## [Exercise description]
Reproduce exactly only the lines from the line that holds "Earlier in the" to the line that holds "Iso är en klassisk, staplingsbar", inclusive, in the listing below, and please leave out every picture.

## [Records for the exercise]

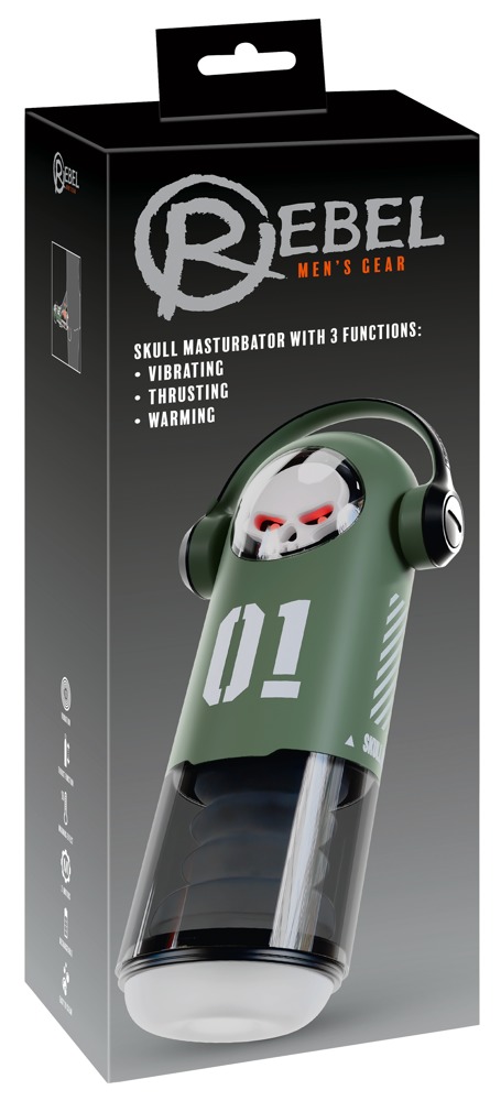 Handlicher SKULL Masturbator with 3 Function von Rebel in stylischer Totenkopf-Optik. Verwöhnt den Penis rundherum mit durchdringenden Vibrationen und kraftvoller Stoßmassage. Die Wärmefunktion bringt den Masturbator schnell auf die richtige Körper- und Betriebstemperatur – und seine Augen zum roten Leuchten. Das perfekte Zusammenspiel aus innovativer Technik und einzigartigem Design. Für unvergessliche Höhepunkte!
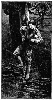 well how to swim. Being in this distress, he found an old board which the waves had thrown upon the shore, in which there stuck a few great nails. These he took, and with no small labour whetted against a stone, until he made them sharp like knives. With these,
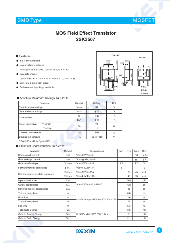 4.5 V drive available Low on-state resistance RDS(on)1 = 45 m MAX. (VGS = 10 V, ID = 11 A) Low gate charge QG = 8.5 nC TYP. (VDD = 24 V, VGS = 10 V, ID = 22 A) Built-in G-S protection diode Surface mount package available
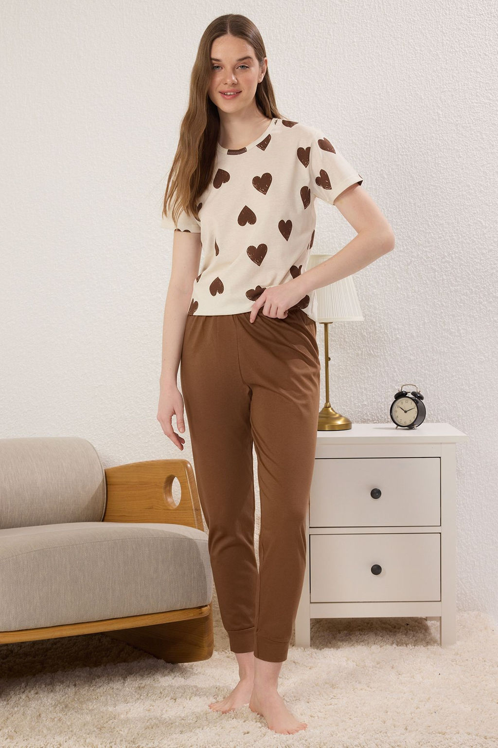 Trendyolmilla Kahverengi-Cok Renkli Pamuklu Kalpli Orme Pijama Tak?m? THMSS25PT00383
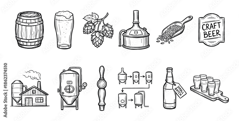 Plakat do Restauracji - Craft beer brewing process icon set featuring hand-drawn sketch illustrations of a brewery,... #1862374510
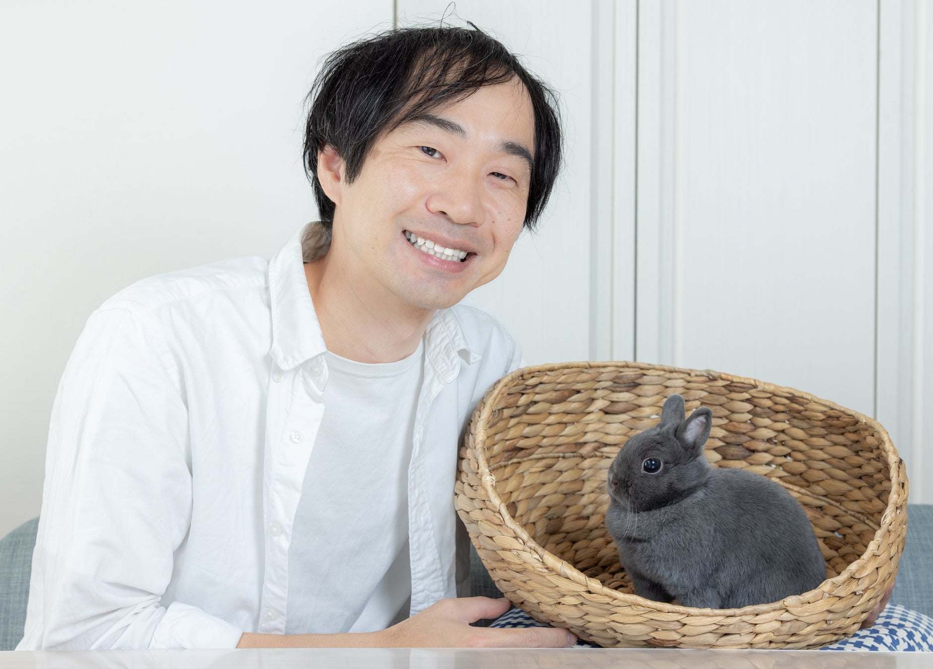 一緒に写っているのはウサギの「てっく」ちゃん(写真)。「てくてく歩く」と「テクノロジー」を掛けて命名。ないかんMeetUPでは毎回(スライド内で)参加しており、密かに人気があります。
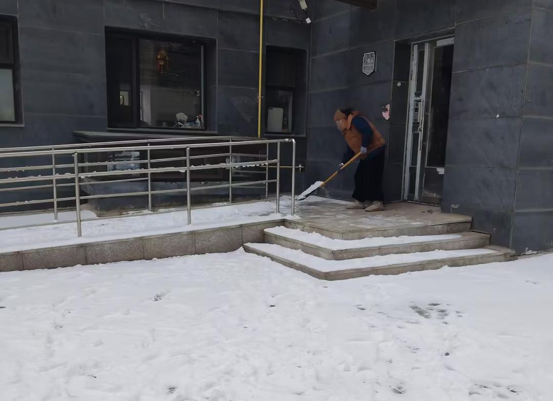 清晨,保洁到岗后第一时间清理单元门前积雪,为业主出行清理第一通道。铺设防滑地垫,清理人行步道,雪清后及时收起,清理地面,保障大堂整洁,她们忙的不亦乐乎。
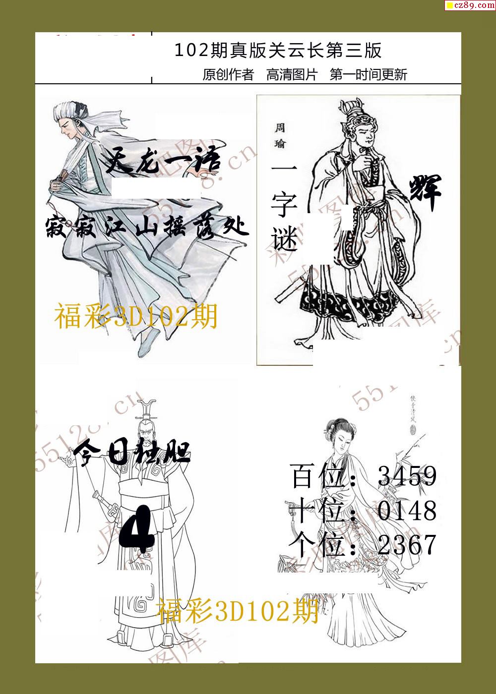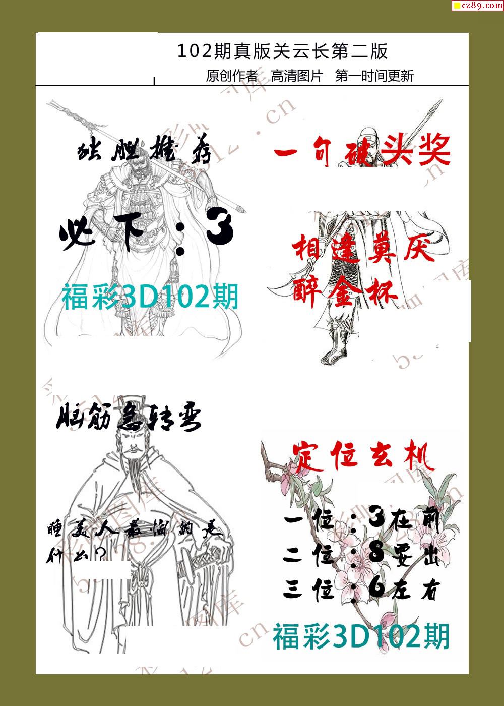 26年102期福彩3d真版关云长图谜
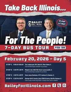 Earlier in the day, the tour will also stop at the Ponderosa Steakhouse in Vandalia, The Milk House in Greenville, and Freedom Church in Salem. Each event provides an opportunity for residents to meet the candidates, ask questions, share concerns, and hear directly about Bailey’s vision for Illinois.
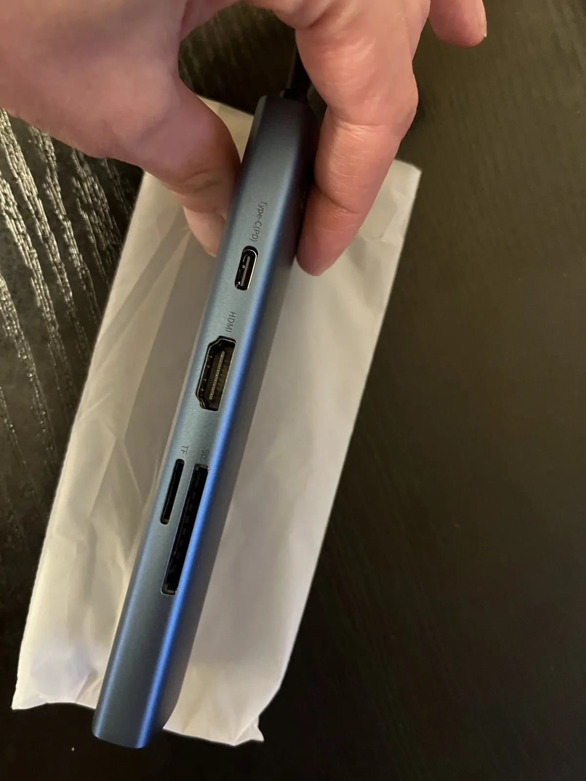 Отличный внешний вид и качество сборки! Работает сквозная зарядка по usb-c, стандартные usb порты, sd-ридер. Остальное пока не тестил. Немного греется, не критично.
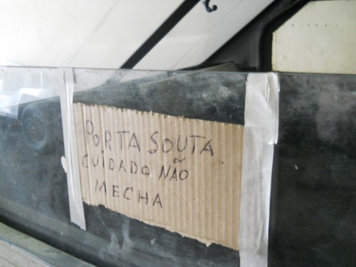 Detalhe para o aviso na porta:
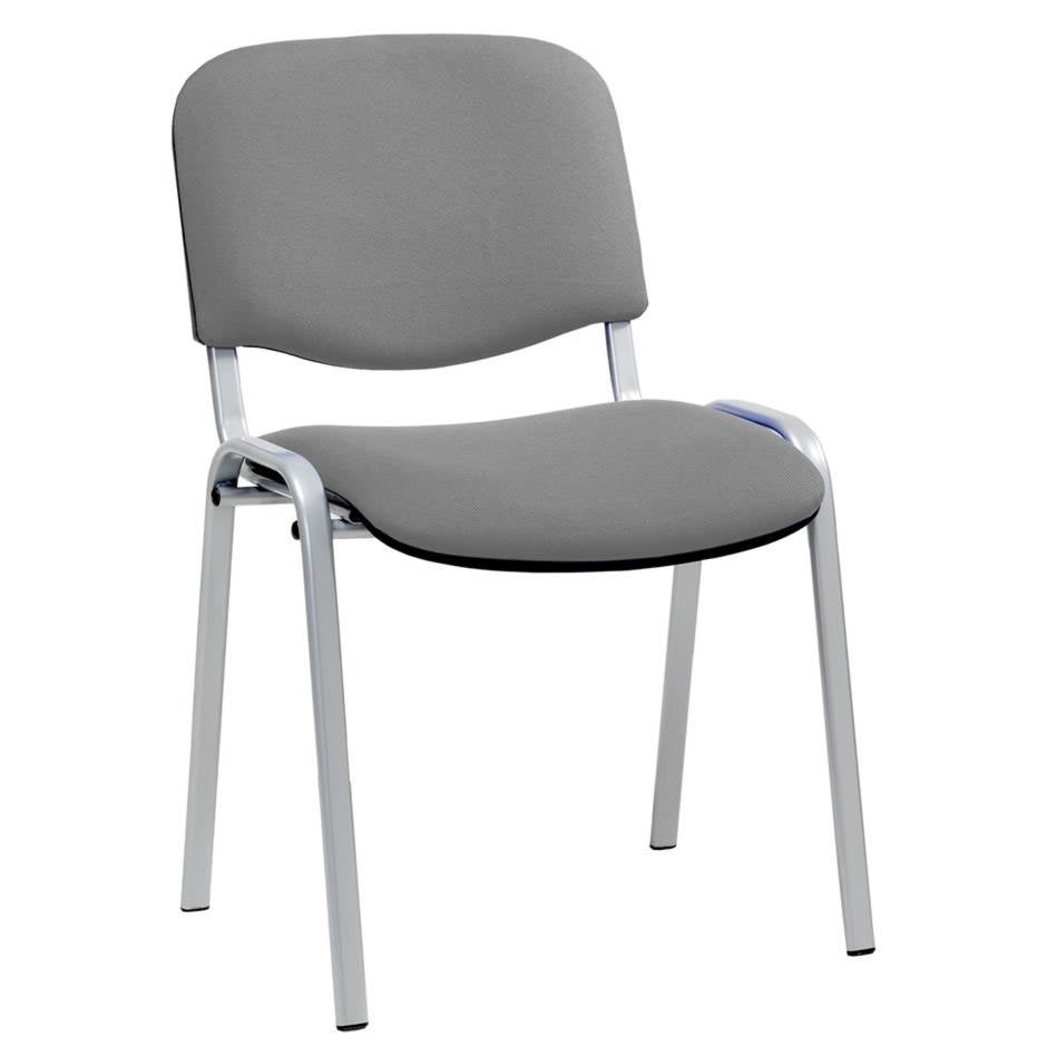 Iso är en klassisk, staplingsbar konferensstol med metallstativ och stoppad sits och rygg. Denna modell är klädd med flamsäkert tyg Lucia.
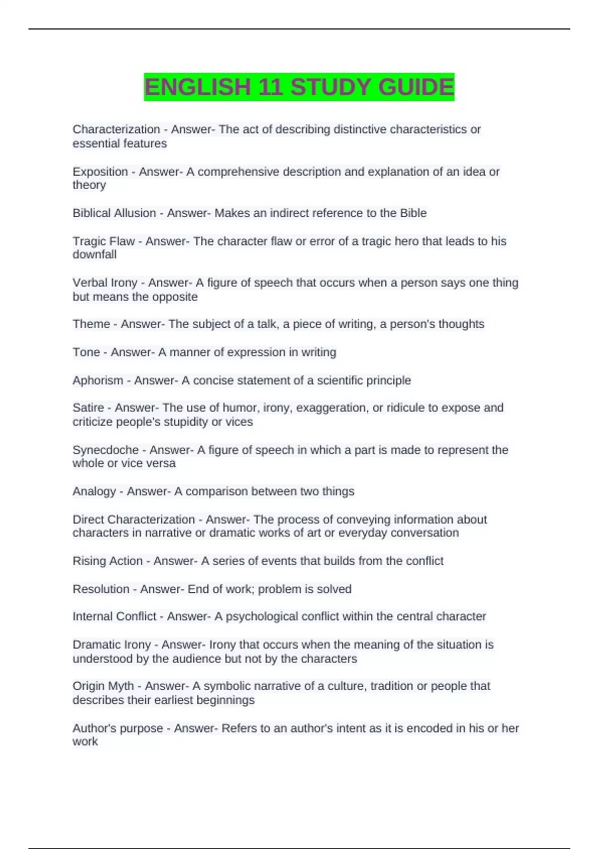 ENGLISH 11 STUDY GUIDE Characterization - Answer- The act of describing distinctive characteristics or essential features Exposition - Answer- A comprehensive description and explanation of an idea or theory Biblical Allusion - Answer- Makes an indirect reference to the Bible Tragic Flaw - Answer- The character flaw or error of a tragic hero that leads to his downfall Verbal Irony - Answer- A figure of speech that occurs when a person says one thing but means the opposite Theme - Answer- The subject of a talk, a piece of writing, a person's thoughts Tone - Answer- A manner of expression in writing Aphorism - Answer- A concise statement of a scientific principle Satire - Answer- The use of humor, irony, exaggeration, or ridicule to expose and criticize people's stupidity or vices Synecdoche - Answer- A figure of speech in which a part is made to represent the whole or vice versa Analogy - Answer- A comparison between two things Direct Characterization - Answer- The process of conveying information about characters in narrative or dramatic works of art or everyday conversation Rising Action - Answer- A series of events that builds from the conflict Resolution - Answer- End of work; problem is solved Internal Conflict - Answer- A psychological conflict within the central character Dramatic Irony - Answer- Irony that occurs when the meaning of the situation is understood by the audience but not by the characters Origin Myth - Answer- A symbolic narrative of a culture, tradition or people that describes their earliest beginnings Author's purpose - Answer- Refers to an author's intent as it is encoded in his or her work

## [Result for this exercise]
 Earlier in the day, the tour will also stop at the Ponderosa Steakhouse in Vandalia, The Milk House in Greenville, and Freedom Church in Salem. Each event provides an opportunity for residents to meet the candidates, ask questions, share concerns, and hear directly about Bailey’s vision for Illinois.
 Отличный внешний вид и качество сборки! Работает сквозная зарядка по usb-c, стандартные usb порты, sd-ридер. Остальное пока не тестил. Немного греется, не критично.
 Detalhe para o aviso na porta:
 Iso är en klassisk, staplingsbar konferensstol med metallstativ och stoppad sits och rygg. Denna modell är klädd med flamsäkert tyg Lucia.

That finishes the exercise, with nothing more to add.